Define the objective function (important changes wrt to my question above are commented):

def objective(trial, X, y):
    param_grid = {
        "n_estimators": trial.suggest_categorical("n_estimators", [999999]),
        "learning_rate": trial.suggest_float("learning_rate", 0.01, 0.3),
        "num_leaves": trial.suggest_int("num_leaves", 20, 3000, step=20),
        "max_depth": trial.suggest_int("max_depth", 3, 12),
        "min_data_in_leaf": trial.suggest_int("min_data_in_leaf", 200, 10000, step=100),
        "lambda_l1": trial.suggest_int("lambda_l1", 0, 100, step=5),
        "lambda_l2": trial.suggest_int("lambda_l2", 0, 100, step=5),
        "min_gain_to_split": trial.suggest_float("min_gain_to_split", 0, 15),
        "bagging_fraction": trial.suggest_float(
            "bagging_fraction", 0.2, 0.95, step=0.1
        ),
        "bagging_freq": trial.suggest_categorical("bagging_freq", [1]),
        "feature_fraction": trial.suggest_float(
            "feature_fraction", 0.2, 0.95, step=0.1
        ),
    }

    cv = StratifiedKFold(n_splits=5, shuffle=True, random_state=1121218)

    cv_scores = np.empty(5)
    for idx, (train_idx, test_idx) in enumerate(cv.split(X, y)):
        X_train, X_test = X.iloc[train_idx], X.iloc[test_idx]
        y_train, y_test = y.iloc[train_idx], y.iloc[test_idx]

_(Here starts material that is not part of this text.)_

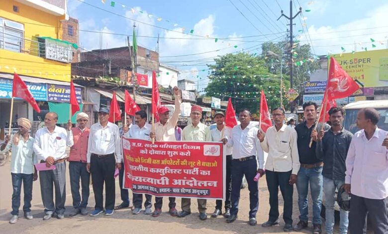 भारतीय कम्युनिस्ट पार्टी जिला अनूपपुर की ओर से अनूपपुर मुख्यालय स्थित बस स्टैंड पर एवं कोतमा एसडीएम कार्यालय के समक्ष मध्य प्रदेश राज्य परिवहन निगम चालू करने की मांग को लेकर क्रमशः कलेक्टर अनूपपुर और एसडीएम कोतमा को ज्ञापन सोपा गया भारतीय कम्युनिस्ट पार्टी ने ज्ञापन में यह उल्लेखित किया है कि समूचे मध्य प्रदेश में रेल सेवाओं के मामले में अत्यंत पिछड़ा हुआ है ।रेल विभाग ने कुछ सालों से सुनियोजित तरीके से सस्ती टिकट वाली पैसेंजर ट्रेन या तो बंद कर दी है या उन्हें महंगे किराए वाली एक्सप्रेस ट्रेन में बदल दिया है ,और एक्सप्रेस ट्रेन में जनरल और स्लीपर कोच लगातार घटाकर आम आदमी की पहुंच से बहुत से दूर कर दिया गया है दूरस्थ ग्रामीण अंचलों में आम जनता यातायात के लिए पूरी तरह से निजी बस सेवा पर निर्भर है जिनमें मनमर्जी से किराया वसूला जाता है बसों में लोगों का जान जोखिम में है क्योंकि ना तीन गाड़ियों का कोई फिटनेस होता है और ना ही देखभाल यात्रियों को बसों में जानवरों की तरह ठूंसा जाता है और आए दिन बस दुर्घटना का शिकार होकर यात्रियों को जान लेती रहती है ।

        model = LGBMClassifier(
            metric='custom', #THIS HAS CHANGED (REF QUESTION 2)!
            objective="binary",
            **param_grid,
            n_jobs=-1,
            scale_pos_weight=len(y_train) / y_train.sum()
        )

        model.fit( 
            X_train,
            y_train,
            eval_set=[(X_test, y_test)],
            eval_metric=[custom_metric], # THIS HAS CHANGED (REF QUESTION 2)!
            callbacks=[
                LightGBMPruningCallback(trial, "balanced_accuracy"),  # THIS HAS CHANGED (REF QUESTION 2)!
                early_stopping(100, verbose=True),
            ],  # Add a pruning callback
        )
        preds = model.predict(X_test)#.argmax(axis=1)
        cv_scores[idx] = balanced_accuracy_score(y_test, preds)
    
    score = np.nanmedian(cv_scores)
    return score

The optimization:

study = optuna.create_study(direction="maximize", study_name="LGBM Classifier")
func = lambda trial: objective(trial, X_train, y_train)
study.optimize(func, n_trials=10)

And finally fitting the final model (i.e. answer to question 3). I solved this by using early stopping for the final model:

model = LGBMClassifier(
    objective="binary",
    metric='custom', # THIS HAS CHANGED (REF QUESTION 2)!
    **study.best_params,
    n_jobs=-1,
    scale_pos_weight=len(y) / y.sum()
)

model.fit(
    X_train,
    y_train,
    eval_set=[(X_test, y_test)],
    eval_metric=custom_metric,
    early_stopping_rounds=100,
    callbacks=[
        early_stopping(100, verbose=True),
    ], 
)

This algorithm will apply early stopping for each LGBM model applied to each fold within each trial (i.e. combination of hyper parameters).

It will in addition prune (i.e stop) certain trials that give unsatisfactory score metrics before it has applied the algorithm to all five folds. Some trials will be stopped very early.

It then continues to fit the final model - after the search is done. In the final fit the model use early stopping (note that I use a different evaluation set in the final fit).